The metastatic spread of tumour cells causes the vast majority of cancer deaths. Clinical and pathological evidence indicated that the metastatic spread of tumours through lymphatic vessels to local/regional LNs is an early event in metastatic disease for many solid human tumours (Stacker et al, 2002b). Lymph node metastasis is an important prognostic indicator for patient with DGC (Otsuji et al, 2004; Kunisaki et al, 2005). Tumour cells can escape from the primary site by entering existing vessels or new vessels actively recruited into the primary tumour (Stacker et al, 2002b). Therefore, the VEGF-C/VEGFR-3 signalling system for lymphangiogenesis might constitute a potential new target for the development of anti-cancer therapeutics (Stacker et al, 2002b). In this study, the LN metastases in mice treated with Ki23057 were significantly smaller and fewer in comparison with the metastases detected in the controls. The LVD values in the gastric tumours were examined using LYVE-1 staining. The degree of lymphatic invasion and the number of lymphatic vessels were significantly fewer in the tumours treated by Ki23057. VEGFR-3 signalling mediates lymphangiogenesis in tumours and would have a significant role in tumour metastasis through the lymphatics (Kitadai et al, 2005; Juttner et al, 2006). Ki23057 showed considerable inhibitory activity against autophosphorylation of VEGFR-3 in vitro and in vivo; the IC50 for VEGFR-3 is 4.3 nM in the cellular assay and 5.4 nM in the cell-free kinase assay. Immunohistochemical studies also showed that the oral administration of Ki23057 showed the inhibitory effect of VEGFR-3 phosphorylation for the lymph endothelial cells in the tumours of the mice. In contrast, the expression level of VEGF-C was not affected by Ki23057. These findings suggest that Ki23057 is a promising molecular targeting agent for LN metastasis working as a VEGFR-3 inhibitor against lymphangiogenesis in DGC. The VEGFR-3 signalling system might be one of attractive targets for antilymphangiogenic therapeutics designed to restrict LN metastasis.

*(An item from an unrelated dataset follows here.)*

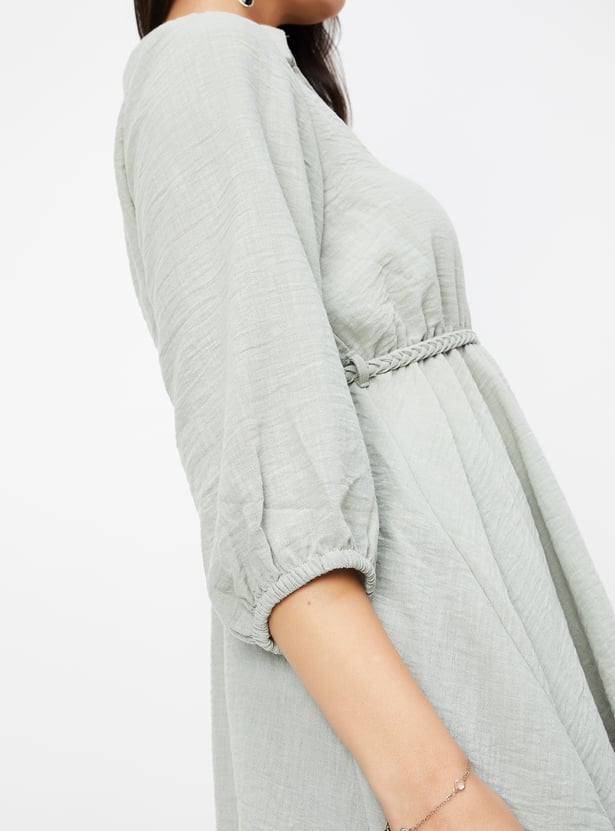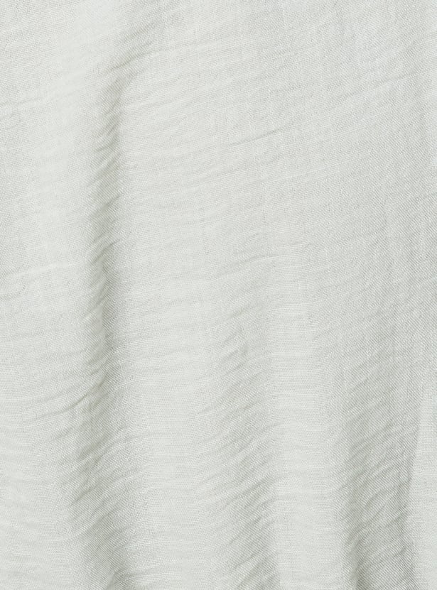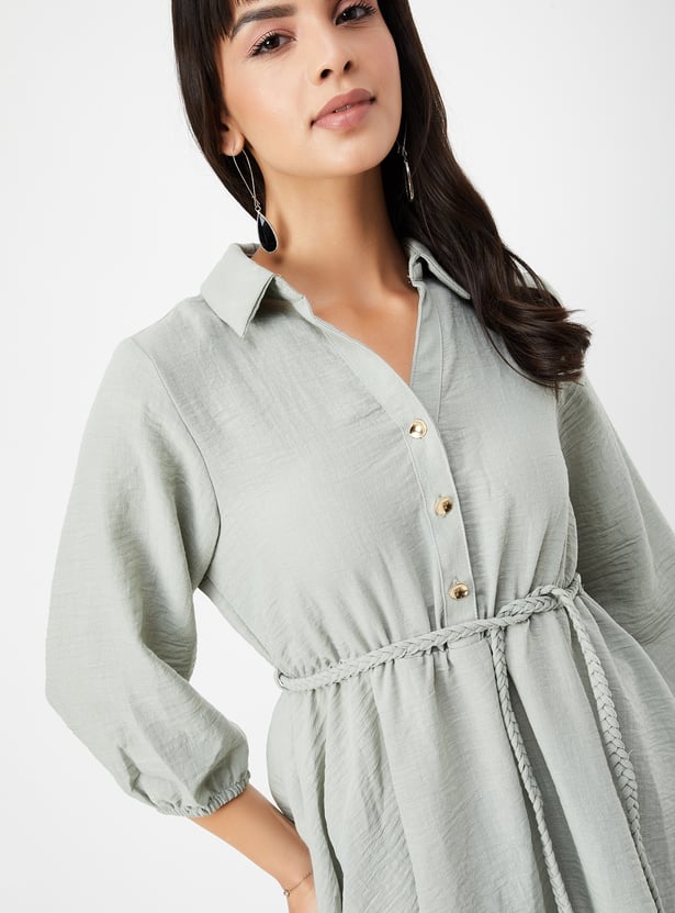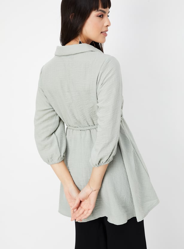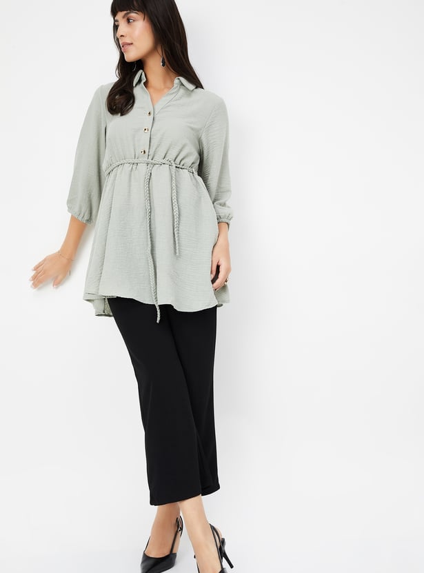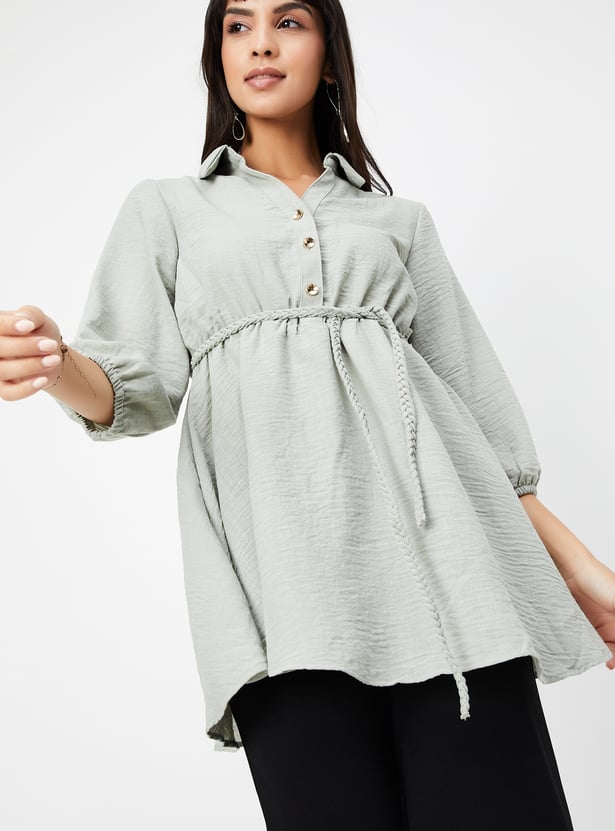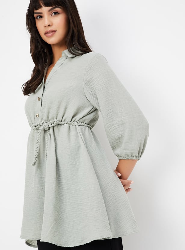 Seize the day with this solid tunic, featuring a spread collar, three-quarter sleeves, and a stylish tie-up detail. The button placket adds a touch of sophistication, making it perfect for both casual and semi-formal occasions. Model Size :

It is still controversial whether nodal metastasis is dependent on tumour-induced lymphangiogenesis or the invasion of preexisting lymphatic vessels (Clarijs et al, 2001). Our findings suggest that LN metastasis is dependent on tumour-induced lymphangiogenesis and indicate that the inhibition of lymphangiogenesis targeting VEGFR-3 is a realistic therapeutic strategy for inhibiting LN metastasis. In contrast, immunohistochemical study by CD31 showed that Ki23057 treatment resulted in no inhibition of tumour MVD, which indicated that Ki23057 did not affect angiogenesis within the primary tumours of DGC. Diffuse-type gastric carcinoma has been reported to show the hypo-vascularity and low VEGF expression, and the vessel count was not correlated with the presence of endothelial VEGFR-2 in DGC (Takahashi et al, 1996). These findings might explain the reason for the ineffectiveness of Ki23057 on the tumour MVD by CD31 staining in the DGC tumour vasculature.

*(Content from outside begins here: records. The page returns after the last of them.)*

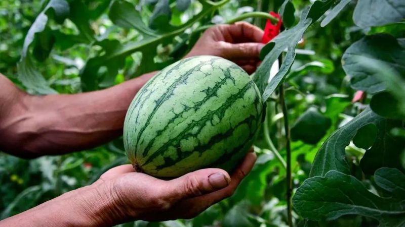 踏入這片種植基地,就仿佛走進了一幅色彩斑斕的田園畫卷。嫩綠的生菜葉片舒展,修長的黃瓜掛在藤蔓上隨風搖擺,紅冰糖小西瓜懸在藤蔓上,表皮綠如翡翠,瓤色紅似瑪瑙。每個西瓜頭上頂著“出生日期”,需要50天左右才能成熟,屆時糖度能到12~14度。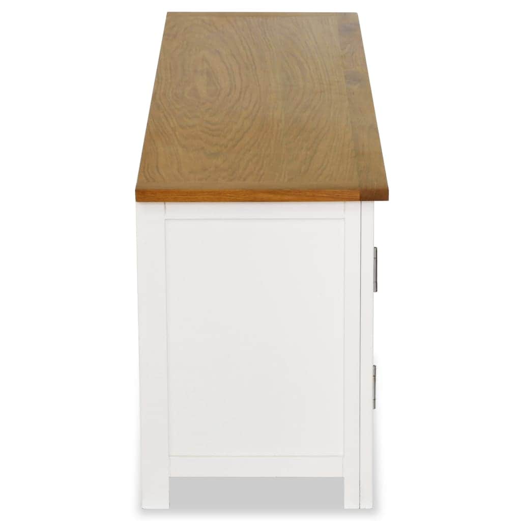 Our two-tone wooden TV cabinet will bring a touch of elegance to your home decor with its timeless design. The TV stand has a solid oak top, which adds to its sturdiness and durability. The oak has beautiful wood grains that give the furniture a touch of natural charm. The body is made of solid pinewood with a white finish and boasts a contemporary style. The TV stand has 2 cabinets and 2 compartments, providing ample space for keeping your multimedia appliances, books and other items. Thanks to the cable outlets at the back, you can neatly keep all wires out of sight. This product needs assembly.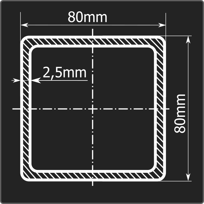 Труба профильная стальная квадратного сечения 80*80мм, длиной 6м и толщиной 2,5мм. Материал - углеродистая сталь. Соответствует требованиям ГОСТ 13663-86. Стандартный пакет: вес - 2,304тн., количество - 64шт.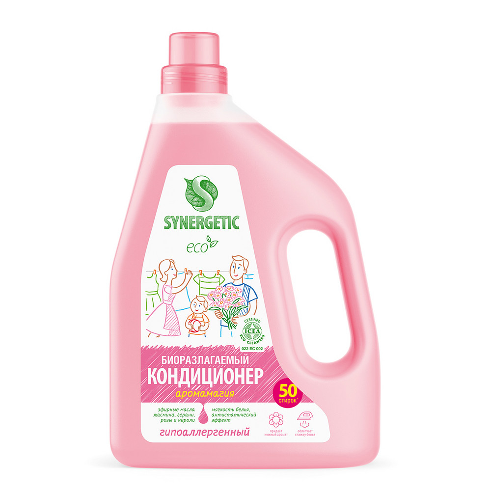 Биоразлагаемый кондиционер-ополаскиватель для белья SYNERGETIC "Аромамагия" – высокоэффективное средство, бережно ухаживающее за всеми типами ткани, в том числе деликатными, и придающее особую мягкость и нежность белью после стирки. Гипоаллергенный кондиционер-ополаскиватель нейтрализует остатки средств для стирки на ткани, помогает сохранить структуру ткани, защищая волокна от изнашивания и повреждения. Средство обладает антистатическим эффектом. Комплекс растительных К-тензидов обеспечивает легкую глажку белья после стирки и высыхания. Гипоаллергенная парфюмерная композиция с эфирными маслами жасмина, герани, розы и нероли придает белью нежный и приятный аромат. Подходит для ручной и машинной стирки, полностью выполаскивается из тканей. Международный экологический сертификат ICEA подтверждает биоразлагаемость, безопасность и эффективность средства.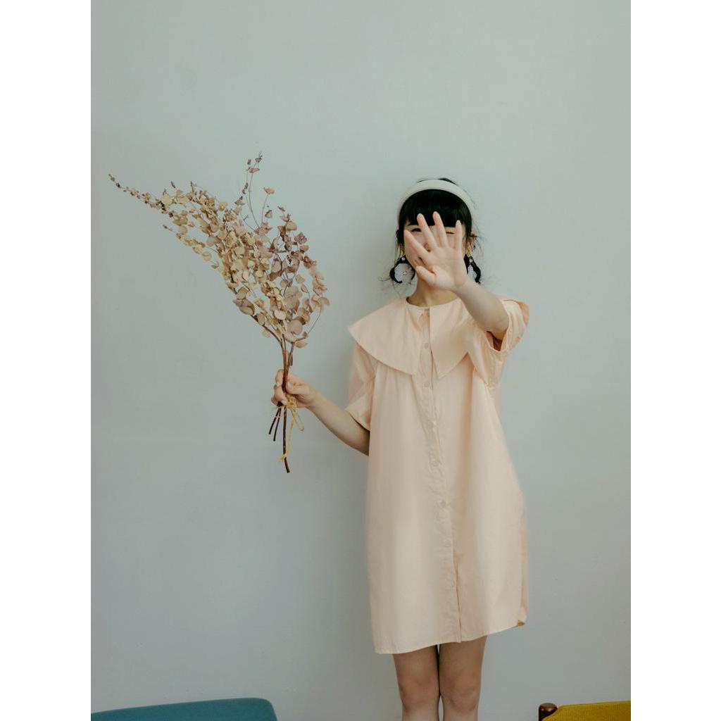 OB嚴選 純棉大翻領鬆緊澎袖襯衫洋裝 《DA9748》日系/大尺碼/現貨/女裝

The oral administration of Ki23057 resulted in a reduction of the gastric tumour size. We have previously reported that proliferation of DGC cells was stimulated by FGF-7, which is a ligand of FGFR-2, but not by VEGF. Ki23057 blocks the autophosphorylation of fibroblast growth factor receptor 2 and VEGFR-3 (Shimizu et al, 2004; Nakamura et al, 2006). Ki23057 might decrease the growth of DGC tumour by inhibiting the FGFR-2 signalling pathway.

In conclusion, the inhibition of lymphangiogenesis targeting VEGFR-3 is a realistic therapeutic strategy for inhibiting LN metastasis. The autophosphorylation inhibitor against VEGFR-3, Ki23057, might therefore be useful for the treatment of LN metastasis of DGC.